FDA Commissioner Marty Makary, MD, said in an interview he expected the agency to issue a decision by late summer or fall and that the therapies would be given in a “supervised clinical setting.” Psychiatrists say the promise of these therapies is tempered by questions about how they will be administered, cost, reimbursement, long-term safety, and durability of effect.

“There’s no way the FDA is going to allow this to be taken home without supervision,” said Roger McIntyre, MD, professor of psychiatry and pharmacology at the University of Toronto. He said the FDA will probably require one or two health care professionals to be on site during administration and would institute a Risk Evaluation and Management Strategy for the compounds.

“There are legitimate safety concerns and there are very profound non-ordinary effects that people have when they take psychedelics,” he said, noting that the “trips” can “be quite unpleasant and quite distressing.” Charles Nemeroff, MD, PhD, the Matthew P.

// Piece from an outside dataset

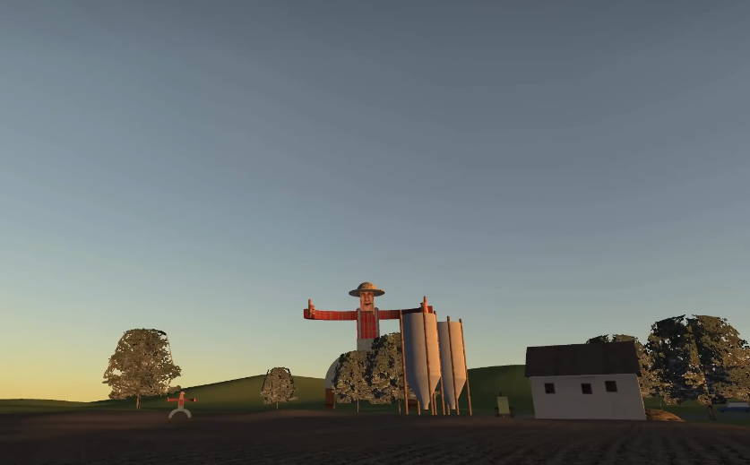 在游戏地图中,山顶区域是一个关键的探索点。玩家可以切换为自由视角模式,环绕观察整个高地环境。在此视角下,能够发现农夫约翰正在滑梯上活动,这一细节往往容易被忽略。此外,在田地中央立着一个形似稻草人的角色,当靠近该目标时,它会突然发动攻击,试图捕捉玩家,必须迅速反应并进行闪避,否则可能导致任务失败。而在同一片区域还停有一台挖掘机,一旦接近,便会自动播放一段节奏魔性的音乐,并将玩家传送至一个神秘空间,开启一段非常规的游戏流程。

Nemeroff Endowed Chair in the Department of Psychiatry & Behavioral Sciences at the University of Texas at Austin Dell Medical School, agreed that administration “must be under medical supervision.” A member of the American Psychiatric Association’s research council and co-director of the Charmaine & Gordon McGill Center for Psychedelic Research & Therapy at Dell Medical School, he said trial participants have experienced intense, raw emotions that can lead to hypertension and other cardiac effects.

Efforts to speed psychedelics into use are “really exciting,” he said, adding it’s possible they are “an absolute game changer for psychiatry,” but cautioned the drugs “are not panaceas.” Paraphrasing Timothy Leary, he said their utility is dictated by “set and setting,” and it remains unclear which patients will most benefit and under what circumstances.

The FDA has already been reviewing data from Compass, Usona, and Transcend as part of the typical approval process, which can take years, sometimes up to a decade. Seeking to telescope reviews, the agency began the Commissioner’s National Priority Voucher program in June 2025, cutting review time to 1–2 months for therapies considered breakthroughs or those that address unmet medical needs or urgent emerging threats.

If approvals come as anticipated, regulators and clinicians will still need to define treatment frameworks, supervision requirements, and safety monitoring. Scheduling decisions by the DEA would follow FDA approvals, and early real-world use is expected to inform who benefits most and how best to deliver these therapies.